Diagnostic Assessment

Postmortem histological examination of the tumor biopsy specimen revealed DLBCL with a Ki-67 index of 99% (Fig. 2). Her rapidly growing DLBCL was associated with marked hyperlactatemia and progressive profound spontaneous hypoglycemia without any signs/evidence of hepatic failure or adrenocortical insufficiency. Given that hypoglycemia caused by levofloxacin, which she received for several days, is very rare [11] and that her hypoglycemia became profound and refractory after cessation of all medications, drug-induced hypoglycemia was unlikely.
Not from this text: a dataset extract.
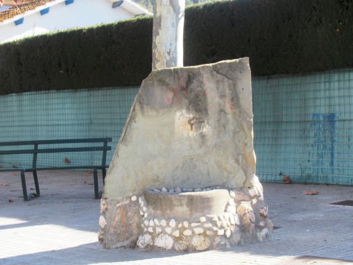 La seva estructura es d’un roc planer, se ha col·locat en cada cara una aixeta de polsador, l’aigua de xarxa pública cau a una pica semi-circular, en la part baixa hi han incrustades pedres blanques i el seu nom és en un lateral fet de rajoles.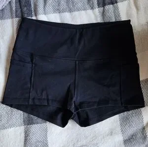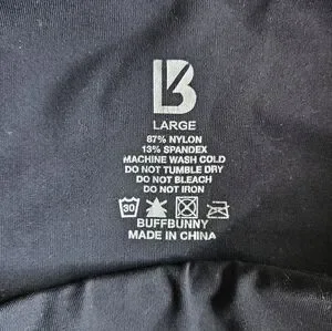 BuffBunny Collection size Large, extra short shorts. Excellent, durable fabric. Gently worn, in excellent condition. Washed on delicate cycle only and only worn a few times. Just a little too short for my personal comfort (lol).

Immunohistochemical staining of the tumor indicated limited IGF-2 expression, whereas serum immunoblotting was negative for large-molecular-weight IGF-2 (big IGF-2) (Fig. 3), and her serum IGF-2 level was 0.722 µg/mL (reference value, 0.390-0.799 µg/mL). These results rule out IGF-2/big IGF-2 as a cause of spontaneous progressive hypoglycemia. The adequately suppressed insulin and normal C-peptide levels at a blood glucose level of 32 mg/dL (1.78 mmol/L) excluded endogenous hyperinsulinism. We interpreted this type B lactic acidosis to be the result of excessive aerobic glycolysis due to the Warburg effect.

Figure 2.

Microscopic findings of the resected specimens. (A) Hematoxylin and eosin staining in a high-power (400×) view showing diffuse proliferation of the abnormally large cells with nuclear swelling and concentration of the nuclear chromatin. (B-D) Immunohistochemistry showing that the abnormally large cells are positive for CD20 (B) and negative for CD3 (C), and the estimated Ki-67 labeling index is 99% (D).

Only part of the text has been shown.